Case Report

ISOLATED DEGENERATIVE C1 SPINAL STENOSIS: CASE REPORT AND REVIEW OF THE LITERATURE

10.4274/jtss.galenos.2020.142

  • Hümeyra Kullukçu Albayrak
  • Ahmet Gürhan Gürçay
  • Atilla Kazancı
  • Oktay Gürcan
  • Mehmet Özgür Özateş

Received Date: 07.05.2020 Accepted Date: 07.05.2020 J Turk Spinal Surg 2020;31(2):119-124

Cervical spinal stenosis (CSS) is a pathology typically seen in males over the age of 65 years, at C5-6 and C6-7 distances, often due to a decrease in the cervical canal diameter, resulting from the degenerative process and the formation of a secondary neural compression. Although degeneration of the cervical spinal elements is the primary pathologic lesion in CSS, secondary compression of the spinal cord or spinal vascular structures is responsible for the emergence of myelopathy symptoms.

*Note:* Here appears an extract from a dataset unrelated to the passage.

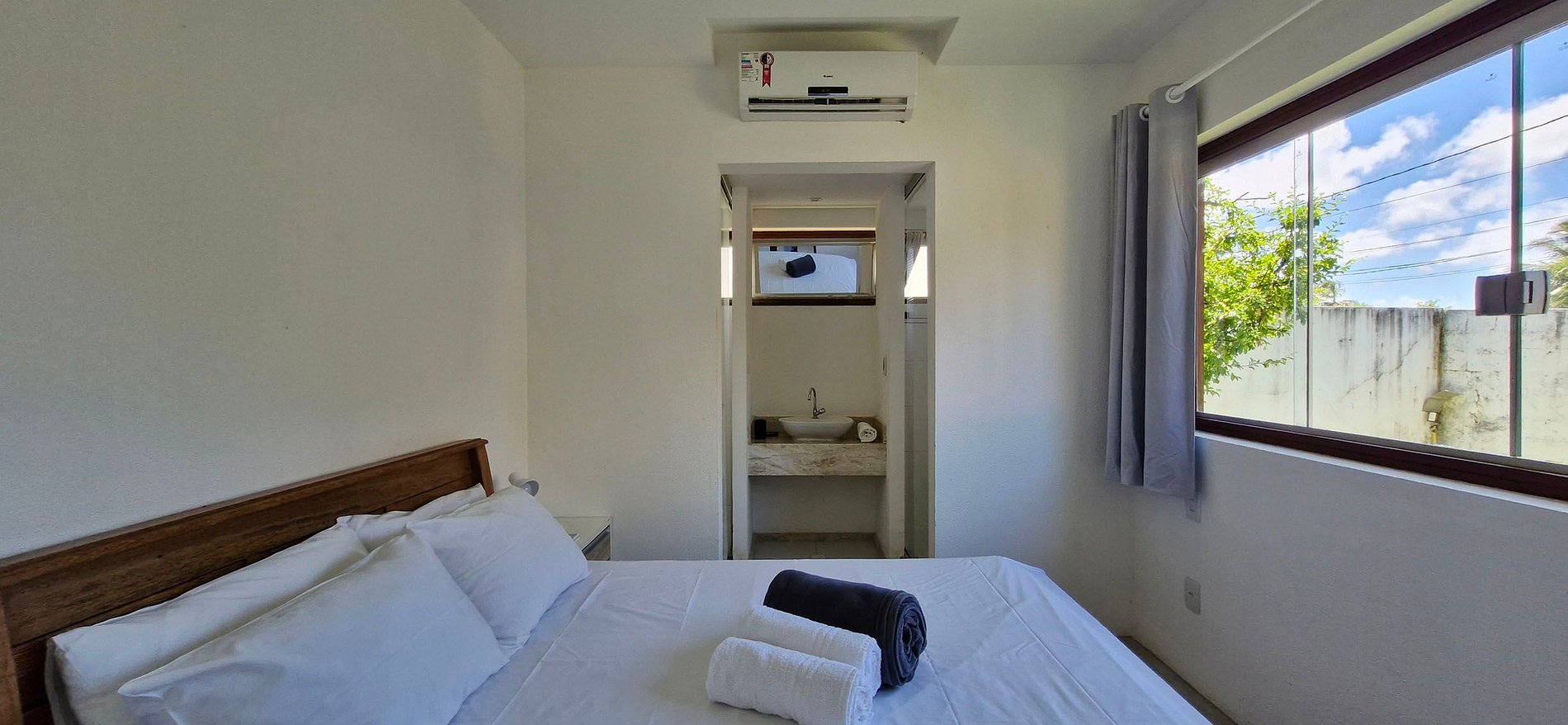 - LIVING ROOM with table and 4 chairs, wardrobe, blackout curtain. BALCONY with hammock. SUITE with double bed, bedside table with lamp, split air conditioning and mirror. BATHROOM with toilet, sink, mirror, shower stall and electric shower.

Risk factors for normally localised CSS include increasing age, male gender, disc degeneration, loss of vertebral height due to ageing (with trauma or osteoporosis), posterior longitudinal ligament calcification and the presence of a congenital anomaly (Congenital CSC, Klippel-Feil Syndrome). Clinically, progressive myelopathic complaints are prominent depending on the degree of stenosis. Diagnosis is made by measuring the anteroposterior diameter of the cervical canal radiologically. Treatment is by surgical decompression with or without fusion, in patients having progressive clinical symptoms, with radiological evidence of a narrow canal and the existence of neurological compression. In this report, two patients without systemic/rheumatologic concomitant disease and congenital predisposing factors, who were operated for isolated C1 narrow canal were discussed with a review of the literature.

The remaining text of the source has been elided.